Exercise details :: Your output must consist of the records printed verbatim, with the pictures excluded.
<<<<
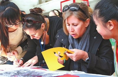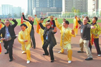96中的師生們為美國客人奉上了古箏、葫蘆絲、豫劇、太極拳、毽球、書法、剪紙、茶藝等極具中國韻味和河南特色的精彩表演。許多美國朋友還參與其中,學古箏、秀太極、踢毽球,甚至用起了毛筆。在觀摩了96中的課堂教學情況后,來自紐約州的東西方國際學校校長本·謝爾曼說:“這所學校環境優美,孩子們的英語都很棒。”
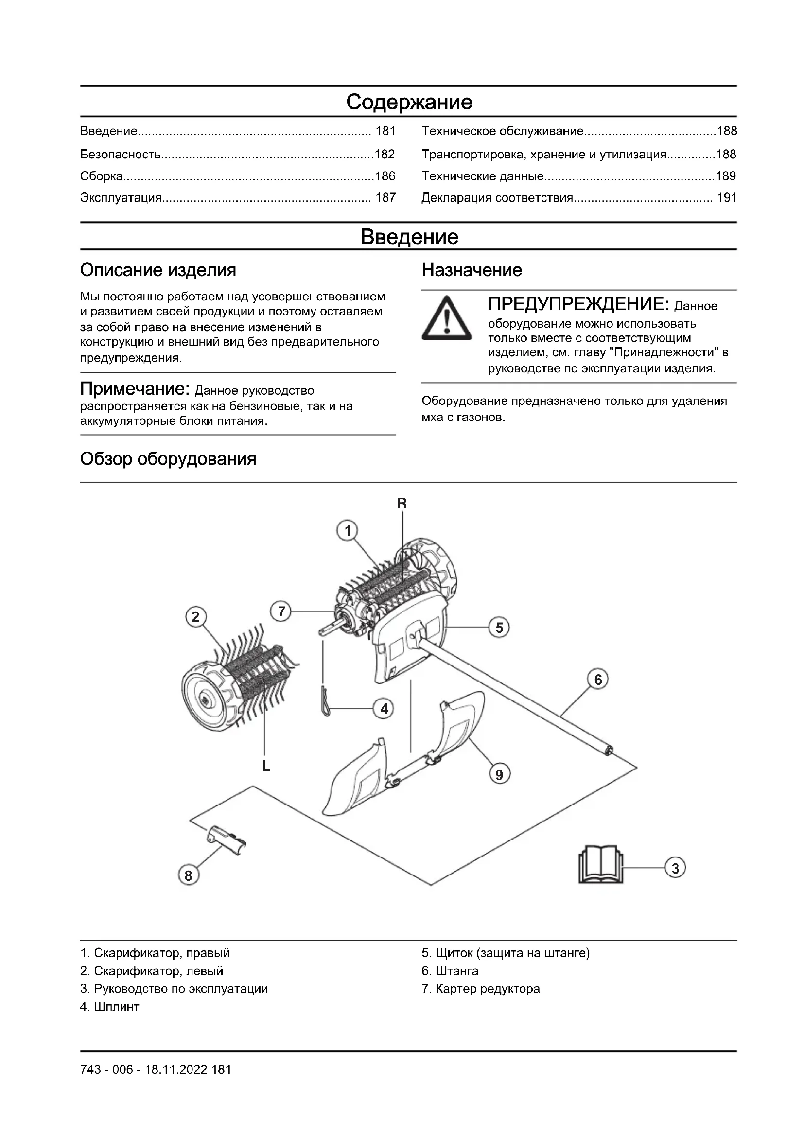 ПРЕДУПРЕЖДЕНИЕ: Данное оборудование можно использовать только вместе с соответствующим изделием, см. главу "Принадлежности" в руководстве по эксплуатации изделия. Оборудование предназначено только для удаления мха с газонов. Обзор оборудования
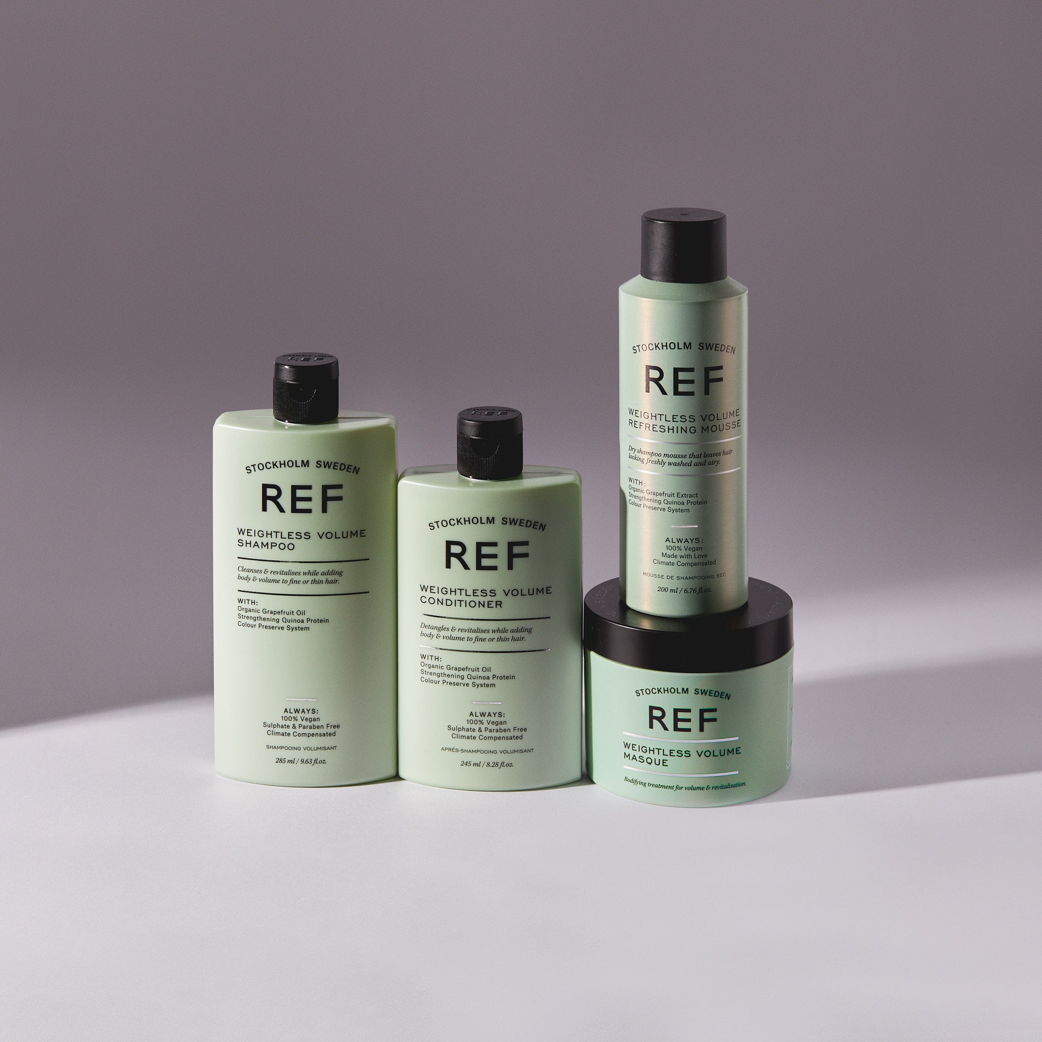 REF Weightless Volume Shampoo reinigt het haar op een grondige maar toch milde manier dankzij de natuurlijke ingrediënten. Zo bevat de shampoo onder andere extracten van witte moerbeibladeren en vlaszaad, maar ook arganolie en tamanu olie. De shampoo is verzorgend en revitaliserend. Hierdoor zullen delen in het haar worden gelift en krijgt het haar een mooie volumeboost. Het volume wordt vastgehouden, wat zorgt voor een langdurig model in het haar. REF Volume Shampoo is vrij van parabenen en sulfaten.
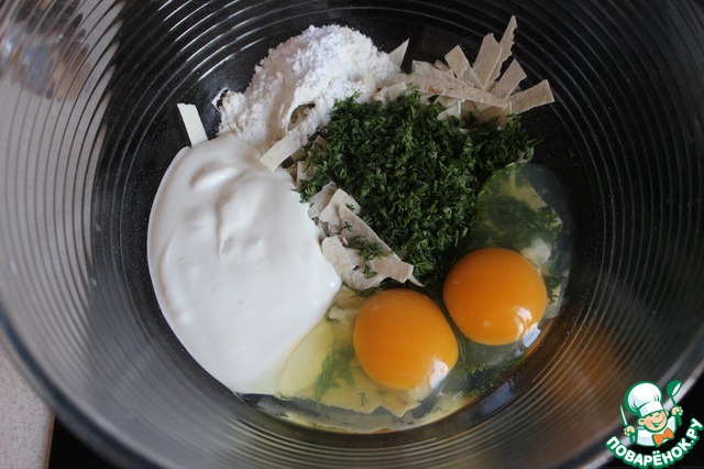 Перемешиваем. Вот такое должно получиться тесто. На вид, даже может показаться, что вряд ли все это дело схватиться. Если тесто будет слишком уж жидким - добавьте муки, если густым - разбавьте сметаной или кефиром.
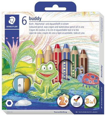 • Staedtler® 140 C6 Farbstifte Buddy 3in1 - Kartonetui mit 6 Stiften und 1 Spitzer
>>>>
Result for this exercise ::
96中的師生們為美國客人奉上了古箏、葫蘆絲、豫劇、太極拳、毽球、書法、剪紙、茶藝等極具中國韻味和河南特色的精彩表演。許多美國朋友還參與其中,學古箏、秀太極、踢毽球,甚至用起了毛筆。在觀摩了96中的課堂教學情況后,來自紐約州的東西方國際學校校長本·謝爾曼說:“這所學校環境優美,孩子們的英語都很棒。”
 ПРЕДУПРЕЖДЕНИЕ: Данное оборудование можно использовать только вместе с соответствующим изделием, см. главу "Принадлежности" в руководстве по эксплуатации изделия. Оборудование предназначено только для удаления мха с газонов. Обзор оборудования
 REF Weightless Volume Shampoo reinigt het haar op een grondige maar toch milde manier dankzij de natuurlijke ingrediënten. Zo bevat de shampoo onder andere extracten van witte moerbeibladeren en vlaszaad, maar ook arganolie en tamanu olie. De shampoo is verzorgend en revitaliserend. Hierdoor zullen delen in het haar worden gelift en krijgt het haar een mooie volumeboost. Het volume wordt vastgehouden, wat zorgt voor een langdurig model in het haar. REF Volume Shampoo is vrij van parabenen en sulfaten.
 Перемешиваем. Вот такое должно получиться тесто. На вид, даже может показаться, что вряд ли все это дело схватиться. Если тесто будет слишком уж жидким - добавьте муки, если густым - разбавьте сметаной или кефиром.
 • Staedtler® 140 C6 Farbstifte Buddy 3in1 - Kartonetui mit 6 Stiften und 1 Spitzer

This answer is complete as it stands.